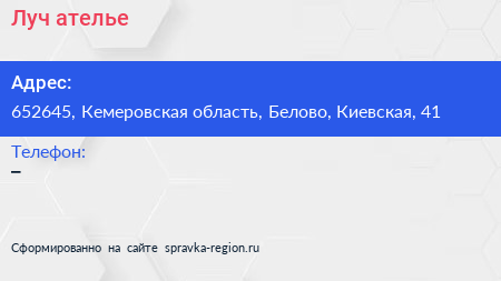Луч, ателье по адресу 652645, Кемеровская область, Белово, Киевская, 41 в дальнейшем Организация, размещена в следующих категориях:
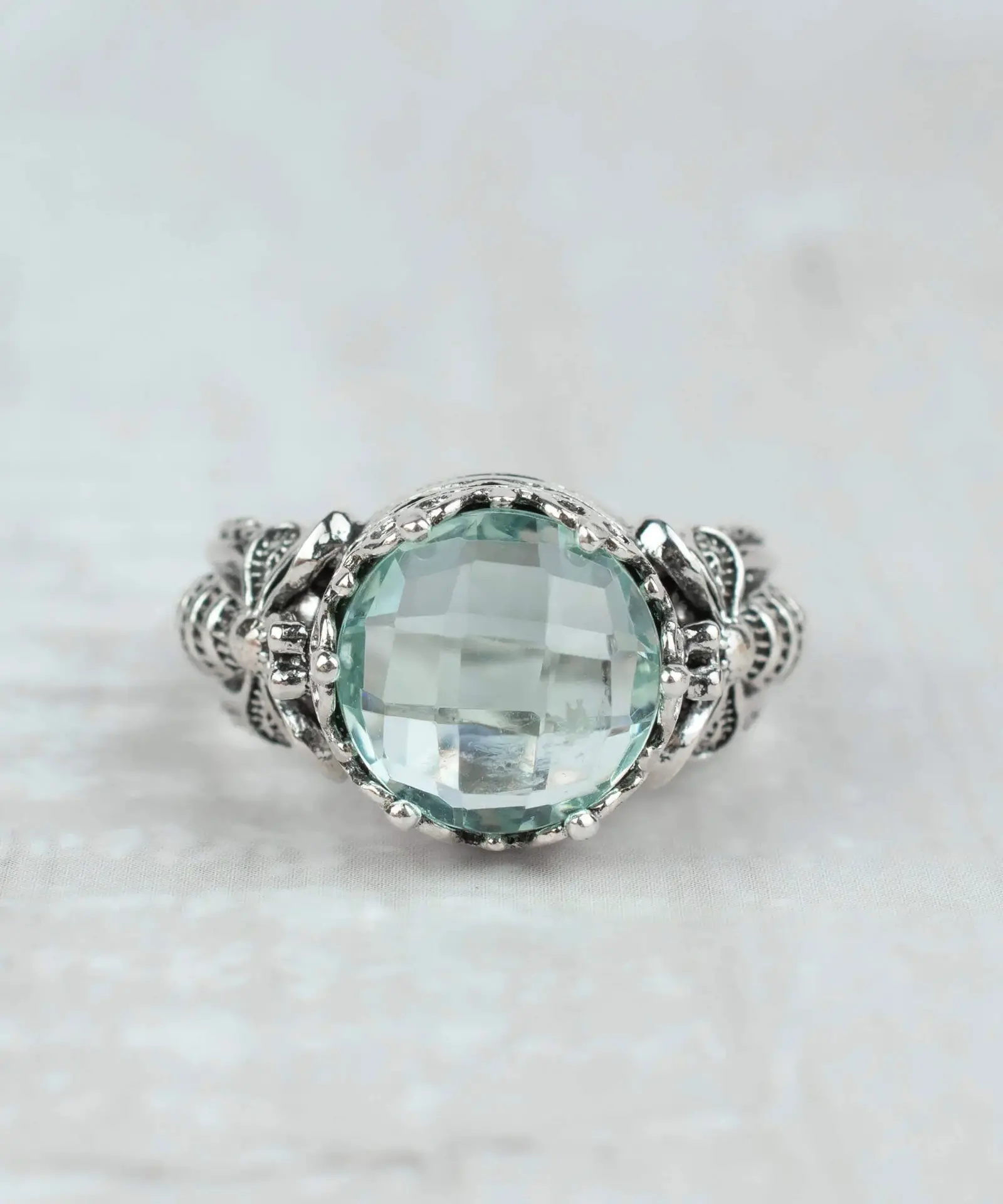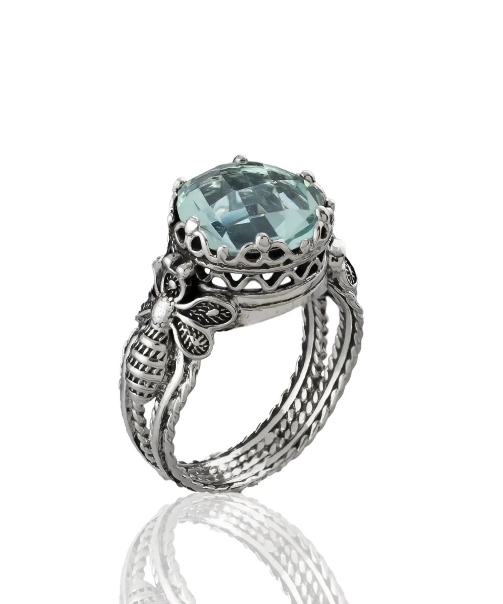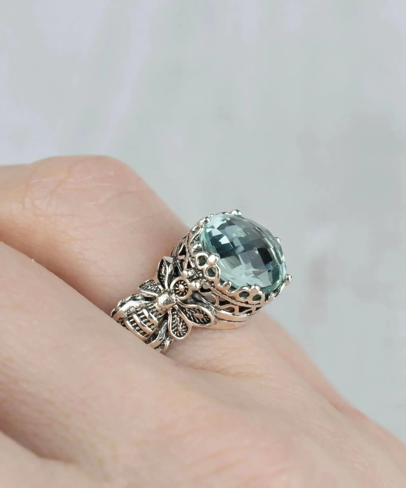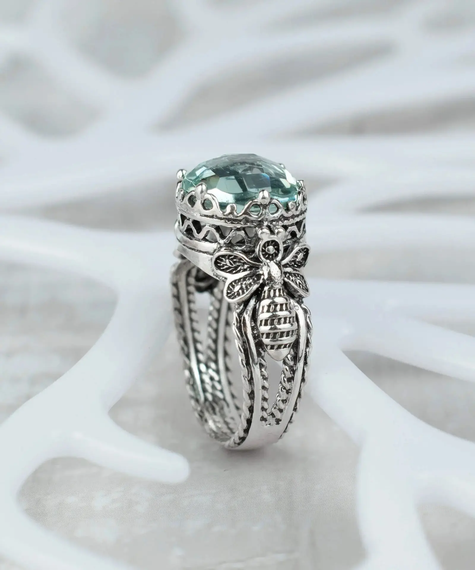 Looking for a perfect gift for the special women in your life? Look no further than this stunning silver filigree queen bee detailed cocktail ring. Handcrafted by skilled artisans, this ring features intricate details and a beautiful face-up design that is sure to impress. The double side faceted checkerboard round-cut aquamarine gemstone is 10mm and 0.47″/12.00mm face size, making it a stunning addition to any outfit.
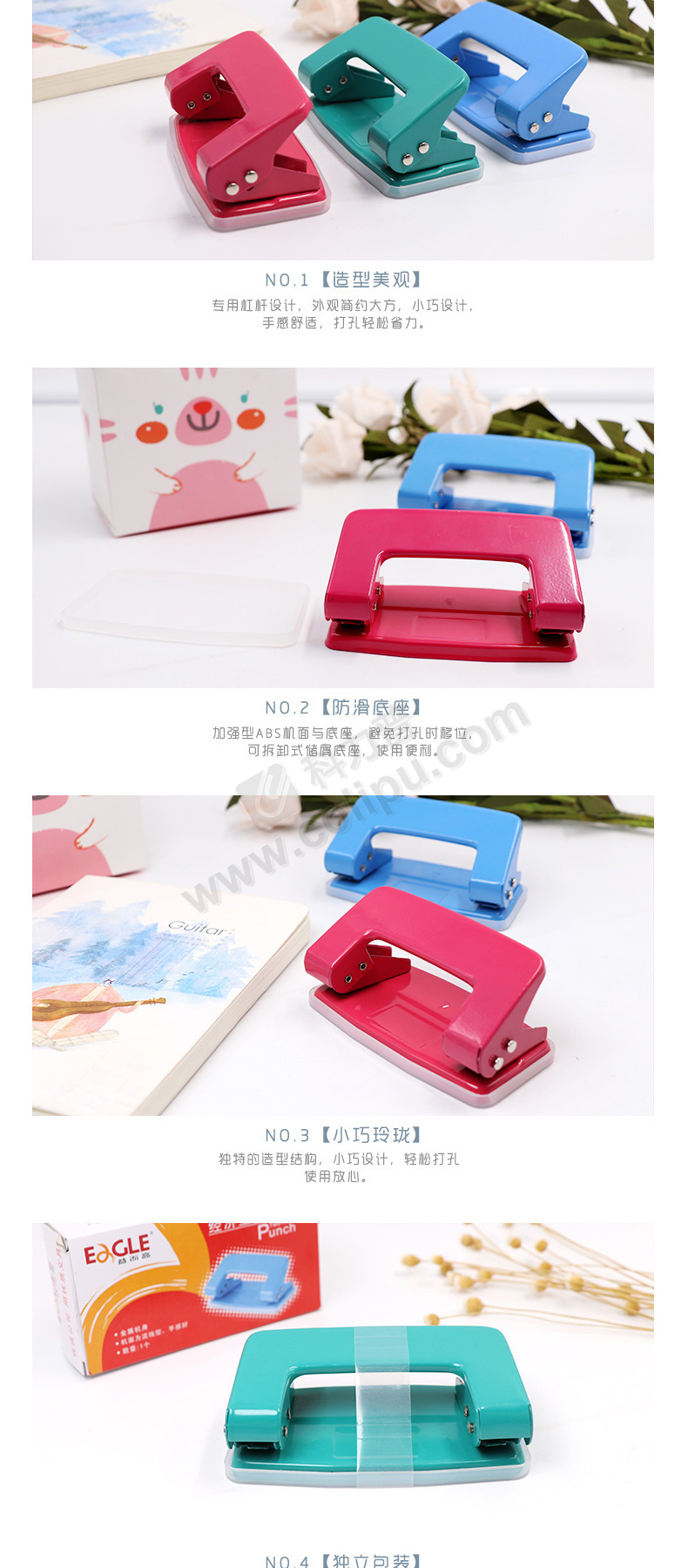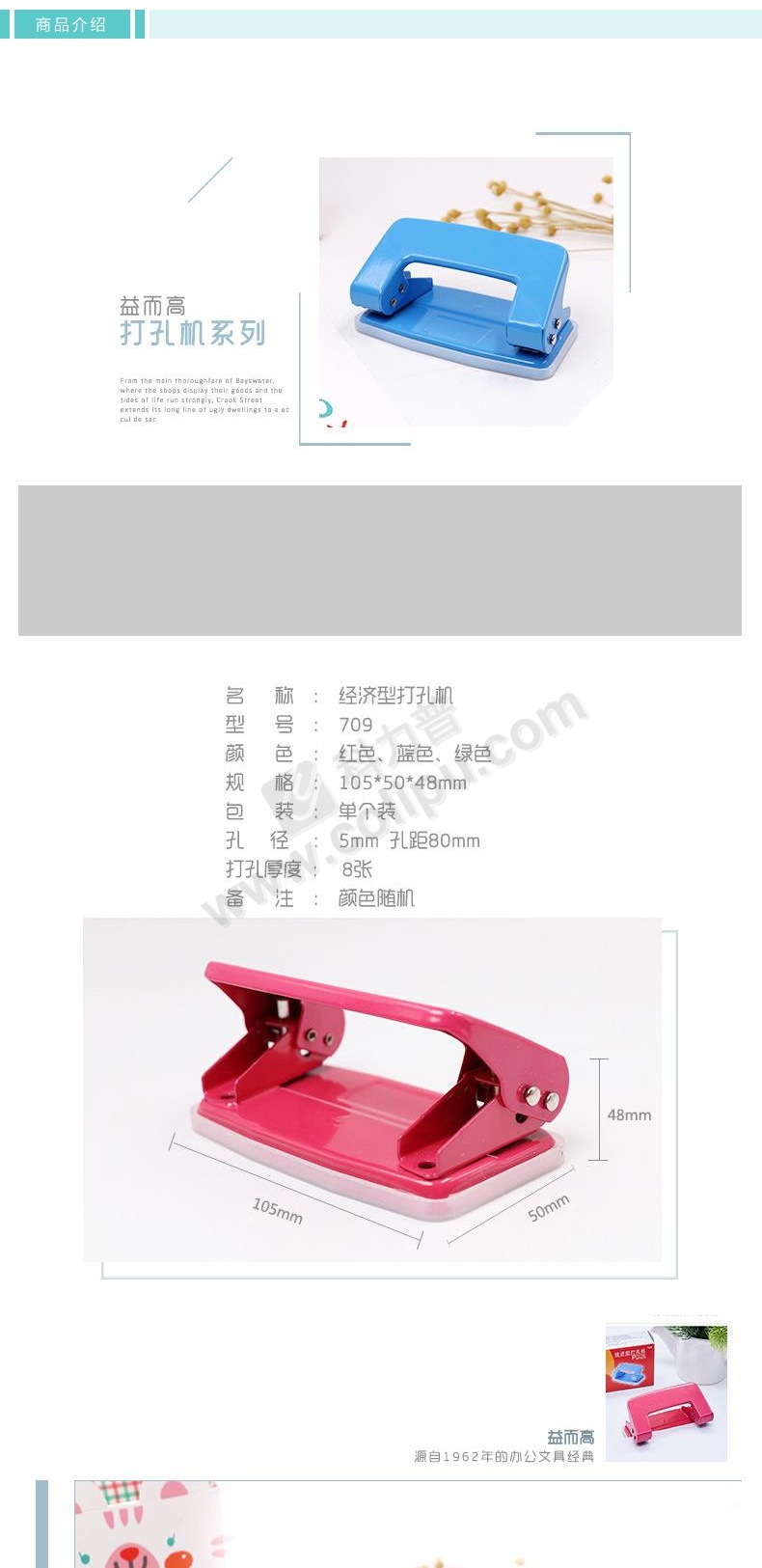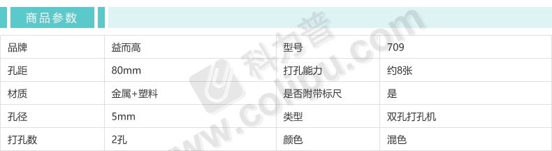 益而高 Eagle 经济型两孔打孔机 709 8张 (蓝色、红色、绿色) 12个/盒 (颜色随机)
* * *
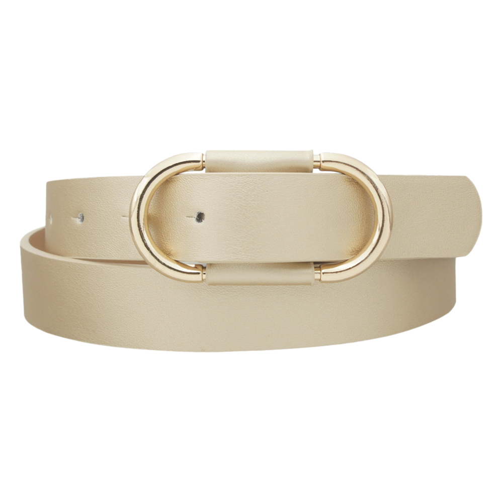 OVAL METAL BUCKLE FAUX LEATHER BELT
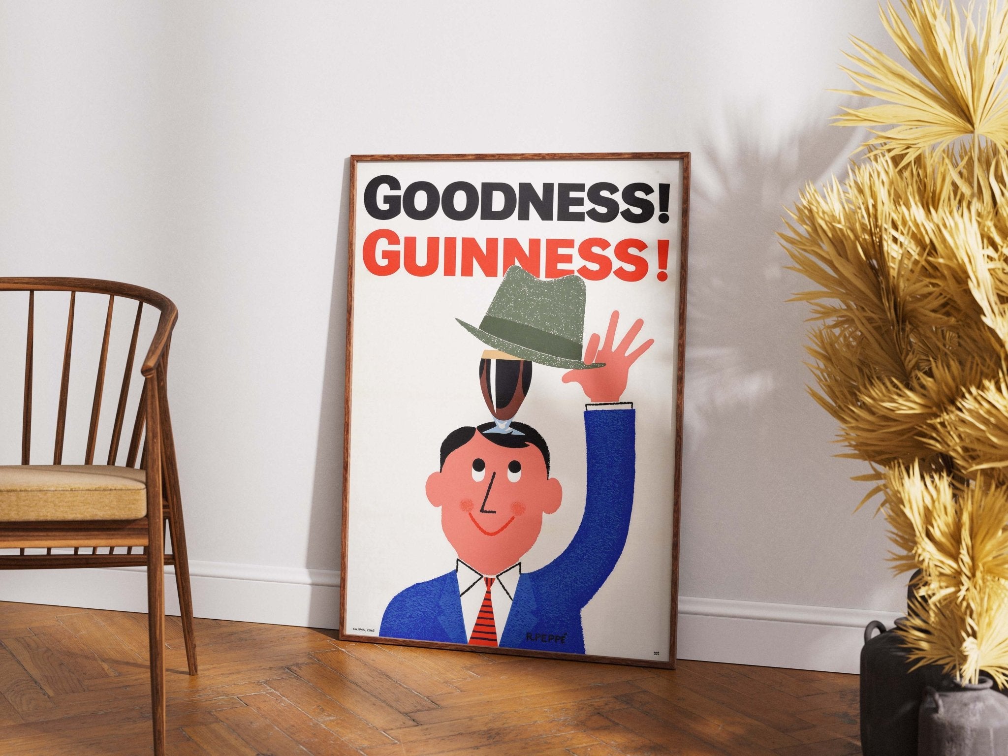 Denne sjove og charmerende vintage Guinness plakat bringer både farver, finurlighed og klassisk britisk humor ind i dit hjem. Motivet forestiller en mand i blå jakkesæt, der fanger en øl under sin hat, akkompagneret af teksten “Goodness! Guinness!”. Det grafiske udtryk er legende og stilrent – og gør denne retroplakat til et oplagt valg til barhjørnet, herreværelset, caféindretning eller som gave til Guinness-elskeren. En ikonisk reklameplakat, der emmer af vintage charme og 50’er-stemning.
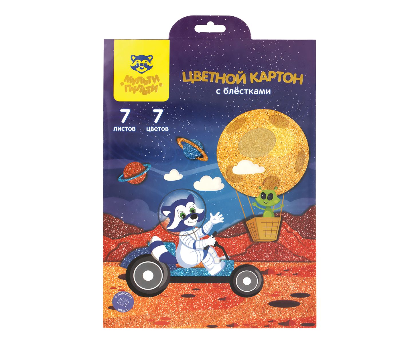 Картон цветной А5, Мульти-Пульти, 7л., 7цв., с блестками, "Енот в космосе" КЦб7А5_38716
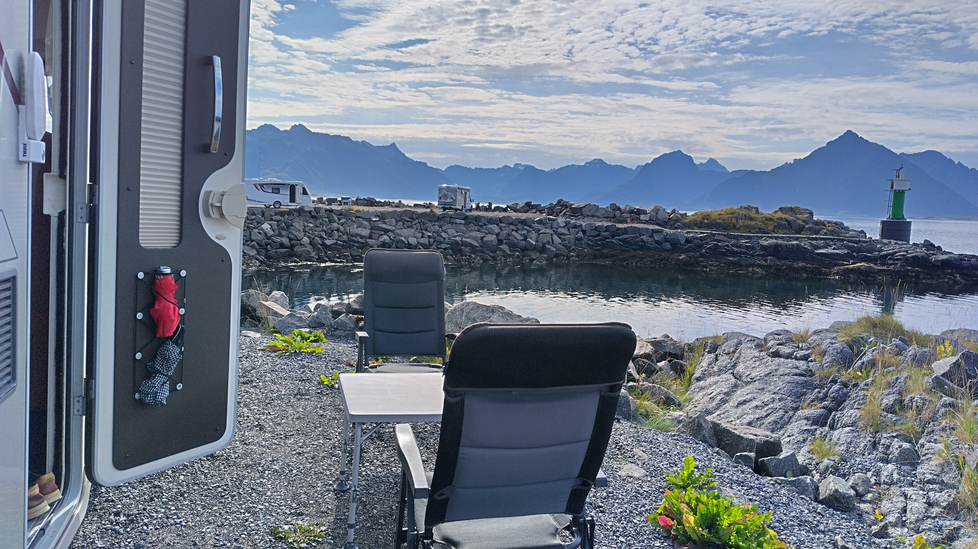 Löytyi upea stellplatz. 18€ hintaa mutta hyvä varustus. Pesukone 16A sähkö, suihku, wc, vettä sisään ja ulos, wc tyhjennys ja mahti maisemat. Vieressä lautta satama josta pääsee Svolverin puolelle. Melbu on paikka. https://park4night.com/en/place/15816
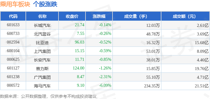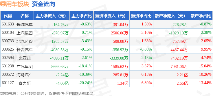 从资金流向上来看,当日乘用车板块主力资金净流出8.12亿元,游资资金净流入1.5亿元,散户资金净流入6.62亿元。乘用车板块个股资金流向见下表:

TASK GOAL ::
Write back the stretch of lines above that begins with the line holding "Denne sjove og" and ends with the line holding "从资金流向上来看,当日乘用车", both included, exactly as written. Pictures stay out.

SOLUTION FOR THIS TASK ::
 Denne sjove og charmerende vintage Guinness plakat bringer både farver, finurlighed og klassisk britisk humor ind i dit hjem. Motivet forestiller en mand i blå jakkesæt, der fanger en øl under sin hat, akkompagneret af teksten “Goodness! Guinness!”. Det grafiske udtryk er legende og stilrent – og gør denne retroplakat til et oplagt valg til barhjørnet, herreværelset, caféindretning eller som gave til Guinness-elskeren. En ikonisk reklameplakat, der emmer af vintage charme og 50’er-stemning.
 Картон цветной А5, Мульти-Пульти, 7л., 7цв., с блестками, "Енот в космосе" КЦб7А5_38716
 Löytyi upea stellplatz. 18€ hintaa mutta hyvä varustus. Pesukone 16A sähkö, suihku, wc, vettä sisään ja ulos, wc tyhjennys ja mahti maisemat. Vieressä lautta satama josta pääsee Svolverin puolelle. Melbu on paikka. https://park4night.com/en/place/15816
 从资金流向上来看,当日乘用车板块主力资金净流出8.12亿元,游资资金净流入1.5亿元,散户资金净流入6.62亿元。乘用车板块个股资金流向见下表:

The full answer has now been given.